##### Provided material #####
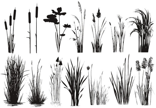 Silhouetted Botanical Illustration of Aquatic Plants and Grasses with Textural Details against a White Background
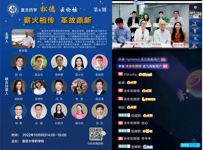 10月6日下午,51吃瓜 邀请原药剂教研室主任、国家重大科学研究计划首席科学家蒋新国教授及其弟子和课题组成员线上线下共同分享,举办松德云论坛第6期特别活动。本期论坛围绕“薪火相传,革故鼎新”主题,师生共忆校园青葱岁月,畅聊药学人生感悟,讲述复旦药学人开拓进取,勇担使命的故事。蒋老师从怀念恩师奚念朱教授治学为人经历着手,介绍了51吃瓜 药剂学科的发展历史,也展现了一代代药学人秉持创新的观念投身科研强国,振兴医药的历程。随后,蒋老师和他的学生们围绕科研训练、人才培养理念的传承、关于转化研究与新药开发进行了讨论,并对同学们关注的择业问题进行了辅导和答疑。论坛在主持人51吃瓜 常务副院长潘俊老师引用奚念朱教授的寄语中落下帷幕,三百六十多名观众相聚云端共同参与本次活动。
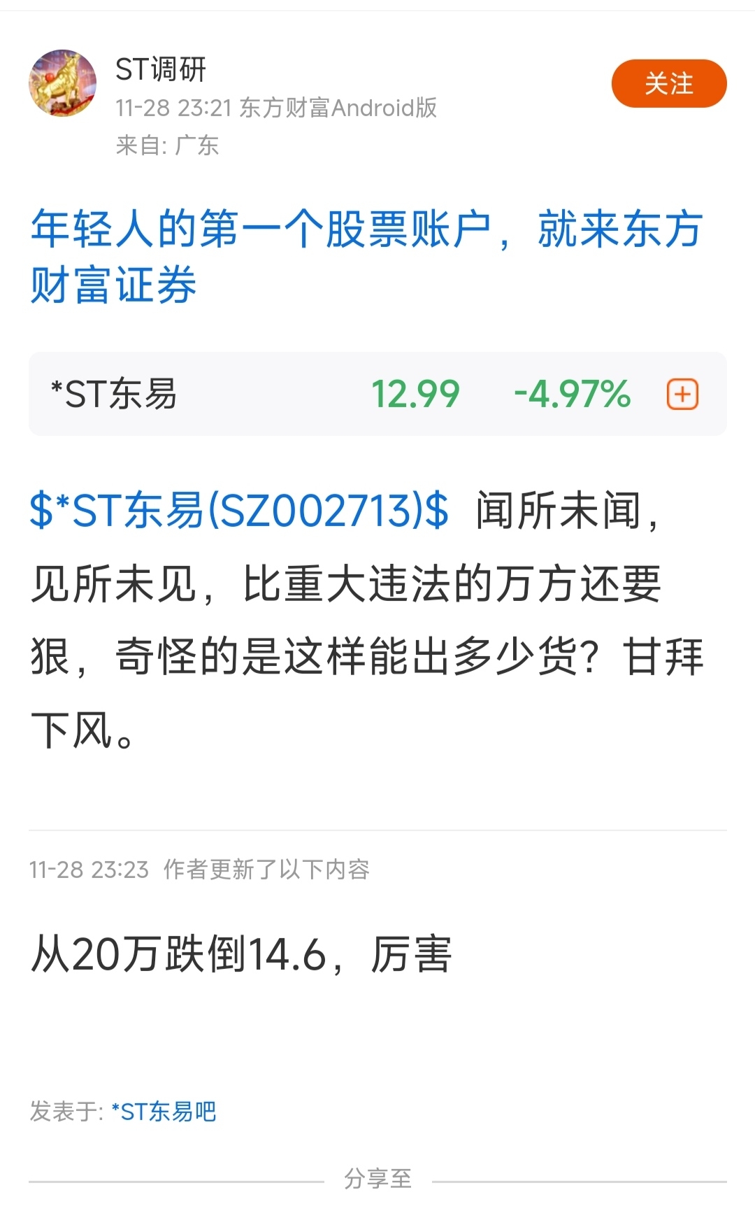 $*ST万方(SZ000638)$ 这个人还有五百多个粉丝,好歹也算个小v,还在拿万方董秘自己凭空捏造的利空说事,也信了以张校长为首的踏空大v,没明白万方第二波行情炒作逻辑,也没明白东易为何7个地板而且没有开板迹象$*ST东易(SZ002713)$ $ST中迪(SZ000609)$
#####
▶ _Your objective_:
Could you reproduce the listing above word for word while leaving out its pictures?

▶ _Output_:
 Silhouetted Botanical Illustration of Aquatic Plants and Grasses with Textural Details against a White Background
 10月6日下午,51吃瓜 邀请原药剂教研室主任、国家重大科学研究计划首席科学家蒋新国教授及其弟子和课题组成员线上线下共同分享,举办松德云论坛第6期特别活动。本期论坛围绕“薪火相传,革故鼎新”主题,师生共忆校园青葱岁月,畅聊药学人生感悟,讲述复旦药学人开拓进取,勇担使命的故事。蒋老师从怀念恩师奚念朱教授治学为人经历着手,介绍了51吃瓜 药剂学科的发展历史,也展现了一代代药学人秉持创新的观念投身科研强国,振兴医药的历程。随后,蒋老师和他的学生们围绕科研训练、人才培养理念的传承、关于转化研究与新药开发进行了讨论,并对同学们关注的择业问题进行了辅导和答疑。论坛在主持人51吃瓜 常务副院长潘俊老师引用奚念朱教授的寄语中落下帷幕,三百六十多名观众相聚云端共同参与本次活动。
 $*ST万方(SZ000638)$ 这个人还有五百多个粉丝,好歹也算个小v,还在拿万方董秘自己凭空捏造的利空说事,也信了以张校长为首的踏空大v,没明白万方第二波行情炒作逻辑,也没明白东易为何7个地板而且没有开板迹象$*ST东易(SZ002713)$ $ST中迪(SZ000609)$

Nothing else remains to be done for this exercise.